Neutrino Transfer in Three Dimensions for Core-Collapse Supernovae. I. Static Configurations

TL;DR

This paper introduces a 3D neutrino transfer code for core-collapse supernovae, capable of multi-energy and multi-angle calculations, validated through tests and comparisons with spherically symmetric models, paving the way for advanced supernova simulations.

Contribution

The paper presents the development of a novel 3D neutrino transfer code using the S_n method with implicit differencing, enabling detailed supernova modeling.

Findings

Validated the code in diffusion and free streaming limits.

Successfully computed steady neutrino distributions in 3D.

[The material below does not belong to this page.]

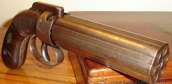 В конце XVIII века появилось новое короткоствольное оружие, получившее название «pepperbox». Буквально слово «pepperbox» переводится с английского языка, как «ящик с перцем», или «перечница». Pepperbox представлял собой короткоствольное дульнозарядное многоствольное оружие с кремневым замком. В 1780-1800 годах пепербоксы с кремневым замком и вращающимся вручную блоком стволов появились в Великобритании и США. Однако конструктивное несовершенство мешало их широкому применению.
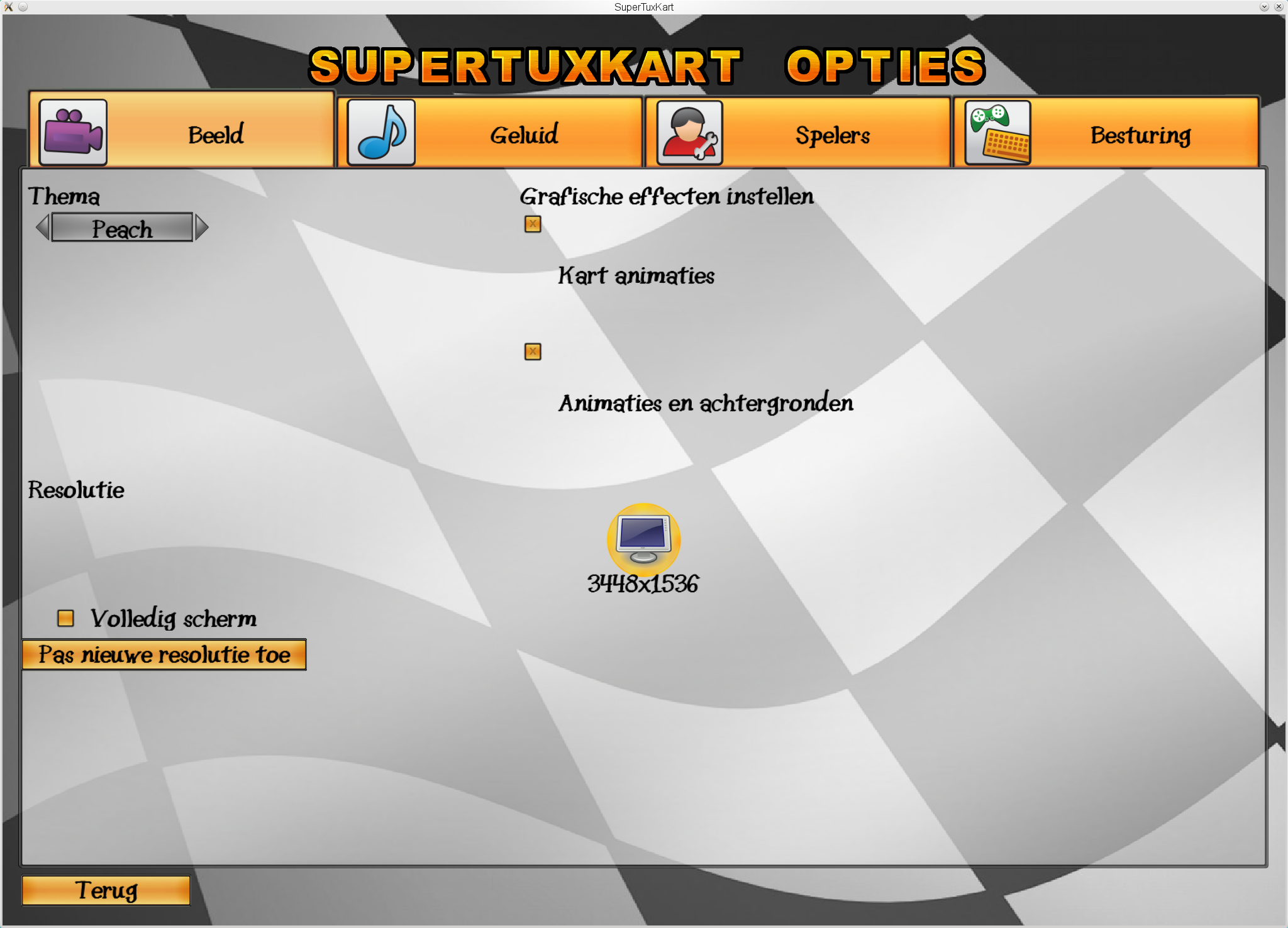 The X server operates the two monitors (1400x900 and 2048x1536) as one big screen (3448x1536). I would like to run STK on one screen, e.g. in window mode at 2048x1536. However, in the Options dialogue I'm only given the option 3448x1536 (see screenshot).

Demonstrated multi-D capabilities with deformed supernova cores.

Abstract

We develop a numerical code to calculate the neutrino transfer with multi-energy and multi-angle in three dimensions (3D) for the study of core-collapse supernovae. The numerical code solves the Boltzmann equations for neutrino distributions by the discrete-ordinate (S_n) method with a fully implicit differencing for time advance. The Boltzmann equations are formulated in the inertial frame with collision terms being evaluated to the zeroth order of v/c. A basic set of neutrino reactions for three neutrino species is implemented together with a realistic equation of state of dense matter. The pair process is included approximately in order to keep the system linear. We present numerical results for a set of test problems to demonstrate the ability of the code. The numerical treatments of advection and collision terms are validated first in the diffusion and free streaming limits. Then we compute steady neutrino distributions for a background extracted from a spherically symmetric, general relativistic simulation of 15Msun star and compare them with the results in the latter computation. We also demonstrate multi-D capabilities of the 3D code solving neutrino transfers for artificially deformed supernova cores in 2D and 3D. Formal solutions along neutrino paths are utilized as exact solutions. We plan to apply this code to the 3D neutrino-radiation hydrodynamics simulations of supernovae. This is the first article in a series of reports on the development.